Headline

Pemerintah utamakan menjaga kualitas pendidikan.

Waspada! 10 Daerah di Jawa Tengah Masuk Zona Merah Cuaca Ekstrem

Lilik Darmawan
26/3/2026 16:02
Waspada! 10 Daerah di Jawa Tengah Masuk Zona Merah Cuaca Ekstrem
10 Daerah di Jawa Tengah Masuk Zona Merah Cuaca Ekstrem.(Freepik)

SEJUMLAH wilayah di Jawa Tengah (Jateng) kini dalam status siaga menghadapi ancaman bencana hidrometeorologi selama tiga hari ke depan. Stasiun Meteorologi Kelas II Ahmad Yani Semarang mendeteksi adanya potensi hujan dengan intensitas sedang hingga lebat yang dapat memicu banjir, tanah longsor, hingga angin kencang.

Kepala Stasiun Meteorologi Ahmad Yani Semarang, Yoga Sambodo, mengungkapkan bahwa dinamika atmosfer di wilayah Jawa Tengah saat ini masih sangat aktif. Kondisi ini secara signifikan meningkatkan pertumbuhan awan hujan yang masif di berbagai titik, terutama di wilayah pegunungan dan dataran tinggi.

“Kami memprakirakan dalam tiga hari mendatang (26-28 Maret 2026), hujan sedang hingga lebat yang disertai petir dan angin kencang berpotensi melanda sejumlah kabupaten di Jawa Tengah,” tegas Yoga pada Kamis (26/3).

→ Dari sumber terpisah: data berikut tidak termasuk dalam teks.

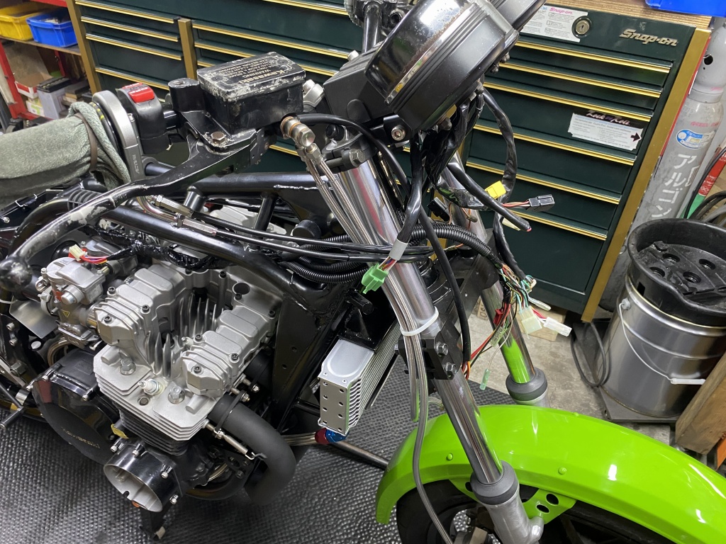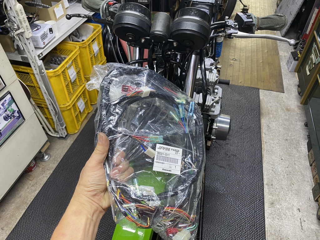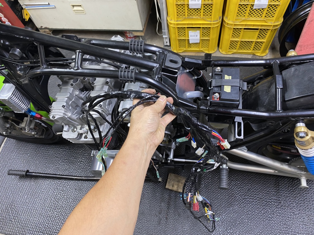 次に、電装品をまとめて装着します。メインハーネスは信頼性のある純正品のZ1000R2用を使います。

Daftar Wilayah Waspada Bencana di Jawa Tengah

Berdasarkan data BMKG, terdapat sedikitnya 10 kabupaten yang harus meningkatkan kewaspadaan ekstra. Wilayah-wilayah tersebut meliputi:

  • Kabupaten Banyumas
  • Kabupaten Cilacap
  • Kabupaten Purbalingga
  • Kabupaten Banjarnegara
  • Kabupaten Kebumen
  • Kabupaten Wonosobo
  • Kabupaten Purworejo
  • Kabupaten Magelang
  • Kabupaten Temanggung
  • Wilayah pegunungan dan dataran tinggi lainnya di sekitarnya.

Yoga memberikan penekanan khusus bagi masyarakat yang bermukim di zona rawan bencana. Warga yang tinggal di kawasan lereng perbukitan, daerah rawan longsor, serta di sepanjang bantaran sungai diminta untuk tidak lengah.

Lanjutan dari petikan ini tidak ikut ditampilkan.